彼女にとってはあんまり、突っ込んでほしくない所、
はぐらかした方がいいのだろうかと、迷った。
「あっ...、ちょっと、私他のフレンズと違うんです。
だから、何か治す方法がないかなーって、図書館に向かってたんです」
と、ジューンは自分の口から説明した。
「大変そうでしゅね...。図書館に行くのなら、しつげんを通って行った方が近いでしゅ。後もう少しで抜けるでしゅよ」
コウモリは超音波で自身の居場所を確かめるとかなんとか、聞いた事がある。
フレンズ化してもその能力は健在なのだろう。
「そう言えば、ツバサさんは何のフレンズでしゅ?」
「あー・・・、フレンズじゃなくてヒトなんだよね」
「はぁ・・・。ヒト?」
また腑に落ちない様な言い方をされた。
「ヒトっていないんですか?」
「聞いた事ないでしゅ...。
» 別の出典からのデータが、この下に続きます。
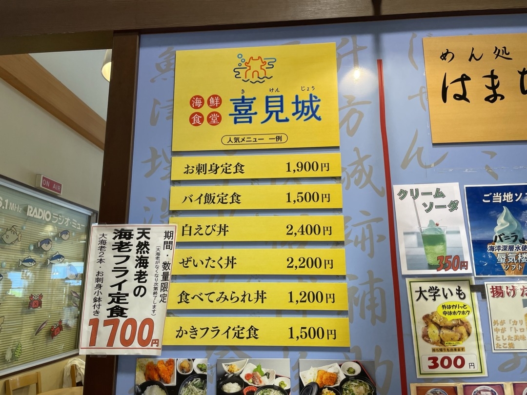 「海の駅蜃気楼」には、お食事処が2つあります。1つは「海鮮食堂 喜見城(きけんじょう)」。魚市場に近いからこそ味わえる、新鮮な魚介類を使った、ボリュームたっぷりでリーズナブルなお食事メニューが味わえます。

長らくパトロールをやってましゅが、
ヒトはアナタが初めてでしゅ」
「ふーん...」
やはり、ここにヒトはいないのだろうか。
そんな疑問を抱えたまま、霧の森を抜けた。
「どうも、ありがとうございます」
ジューンは頭を下げた。
「迷うコは偶にいましゅから。この先も気を付けるのでしゅ」
そう言って、ウサギコウモリは深い霧の森へと戻って行った。
「私達って変なコンビだよね」
ふと、思ったことを口にした。
「えっ?」
「唯一のヒトと、右腕の無いペンギン」
「そうだね」
彼女は笑ってくれた。
その顔を見て、私も笑い返した。
お互い軽く息を吐き、変人コンビは図書館へ向けて歩き始めたのだった。
「んー?何だろうこれ・・・」
長方形の物体を拾った。
色々触ると、モニターが付いた。
「わー...、すごい!すごいなぁ!!
・・・、でも誰のだろう?」
鼻を近付け匂いを嗅ぐ。
「・・・こっちかな!」
彼女は尻尾を振りながら、そのモノの持ち主を追った。